We're most evil to ourselves. I have the weird experience of watching my friend find “project young white boys,” and turning them out. He'll play into their desires and insecurities. He'll dictate their medication. He'll put money and connections in their hands. Sometimes, briefly, they'll seem marginally better. But that thing, that lie, at the center of their being that allows him to do that? That rarely, if ever, goes away. It's case study after case study that might testify to how much it's not nature verses nurture, but what first impulses came with your nature that were nurtured when you were younger. Some kids make it out of the trailer park or hood. As a “global species” or “wealthiest nation” or “nicer newer more sensitive Gen Z” string of nonsense grouping qualifiers are concerned, we're nowhere near eliminating the hood and trailer as modes of being.

I want to pull off the bandage. Homeless? Give them homes, we have too many.
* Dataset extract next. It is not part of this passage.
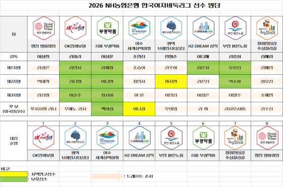 OK만세보령은 우에노 리사, H2 DREAM 삼척은 리허, 평택 브레인시티산단은 우이밍, 부안 붉은노을은 리샤오시(05년생), 영천 명품와인은 후지사와 리나를 후보선수로 지명했다. 이어 철원한탄강 주상절리길이 김수진 선수를 영입하면서 8개 팀의 2026 시즌 엔트리 구성이 모두 마무리됐다.
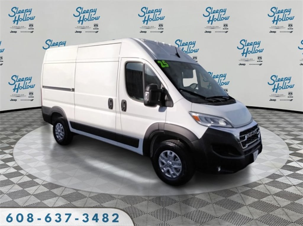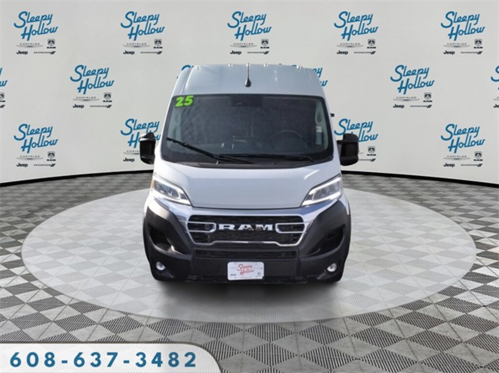 Bright White Clearcoat 2025 Ram ProMaster 2500 High Roof FWD 9-Speed 948TE Automatic 3.6L V6 24V VVT 100 Amp Battery, 115V Auxiliary Power Outlet, 12V Rear Auxiliary Power Outlet, 220 Amp Alternator, 4 Speakers, 4-Wheel Disc Brakes, 4.08 Axle Ratio, 4G LTE Wi-Fi Hotspot, 6-Way Manual Adjust Driver Seat, 6-Way Manual Adjust Front Passenger Seat, 70 mph Maximum Speed, ABS brakes, Adaptive Cruise Control w/Stop & Go, Air Conditioning, AM/FM radio: SiriusXM, Ambient LED Interior Lighting, Apple CarPlay, Apple CarPlay/Android Auto, Auto High Beam Headlamp Control, Automatic Headlamps, Black/Gray Seats, Blind Spot & Cross Path Detection, Bodyside moldings, Brake assist, Chrome Front Grille, Cloth Bucket Seats, Cluster 7.0" TFT Color Display, Connected Travel & Traffic Services, Connectivity - US/Canada, Cowl Aesthetic Cover, Digital Rearview Mirror w/Autodim, Driver door bin, Driver Seat Armrest, Driver's Seat Mounted Armrest, Electronic Stability Control, Exterior Mirrors w/Heating Element, Exterior Mirrors w/Supplemental Signals, For Details, Visit DriveUconnect.com, For More Info, Call 800-643-2112, Front anti-roll bar, Front Bucket Seats, Front LED Fog Lamps, Front License Plate Bracket, Front reading lights, Front wheel independent suspension, Global Telematics Box Module (TBM), Google Android Auto, GPS Antenna Input, GPS Navigation, HD Radio, Heavy Duty Suspension, Illuminated entry, Instrument Panel Bright Bezels, Integrated Voice Command w/Bluetooth, Intelligent Speed Assist (ISA), Lane Departure Warning Plus, LED Daytime Running Headlamps, LED Reflector Headlamps, Low tire pressure warning, Manual 2-Way Driver Lumbar Adjust, Manual 2-Way Passenger Lumbar Adjust, Manufacturer's Statement of Origin, Outside temperature display, Overhead airbag, Overhead console, ParkSense Front/Rear Park Assist System, ParkView Rear Back-Up Camera, Passenger Bucket Seat, Passenger door bin, Passenger Seat Armrest, Passive Entry, Power Adjust Mirrors, Power Folding/Heated Mirrors, Power steering, Power windows, Power-Adjustable Convex Aux Mirrors, Quick Order Package 22H SLT+, Radio: Uconnect 5 Nav w/10.1" Display, Radio: Uconnect 5 w/7" Display, Rain Sensitive Windshield Wipers, Rear Cargo LED Lamp, Rear Heater - A/C Prep Package, Remote keyless entry, Remote Start System, Security Alarm, SiriusXM Radio Service, SiriusXM w/360L, Steering wheel mounted audio controls, Tachometer, Telescoping steering wheel, Traction control, Traffic Sign Information, Trip computer, Turn signal indicator mirrors, Variably intermittent wipers, Wheel Center Cap, Wheels: 16" x 6.0" Aluminum Painted Silver, Wheels: 16" x 6.0" Steel, Wireless Charging Pad.

You want me to read 9 books and write 5 papers? Let me see what I can do this week, don't make me pay for the whole semester. You're wildly depressed and I'm doing a bad job managing what to do with your stories about how or when you plan to kill yourself? I've literally handed you the blade and watched the blood pour down your wrist. Let's have the fight now. Let's build into our relationship going forward with every drop of fear and insecurity we can squeeze out of our thoughts. Let's build the mental and physical framework that protects us from the unyielding doubt and chance that will inevitably kill us. We're already dead, so let's work on how to continue dying well.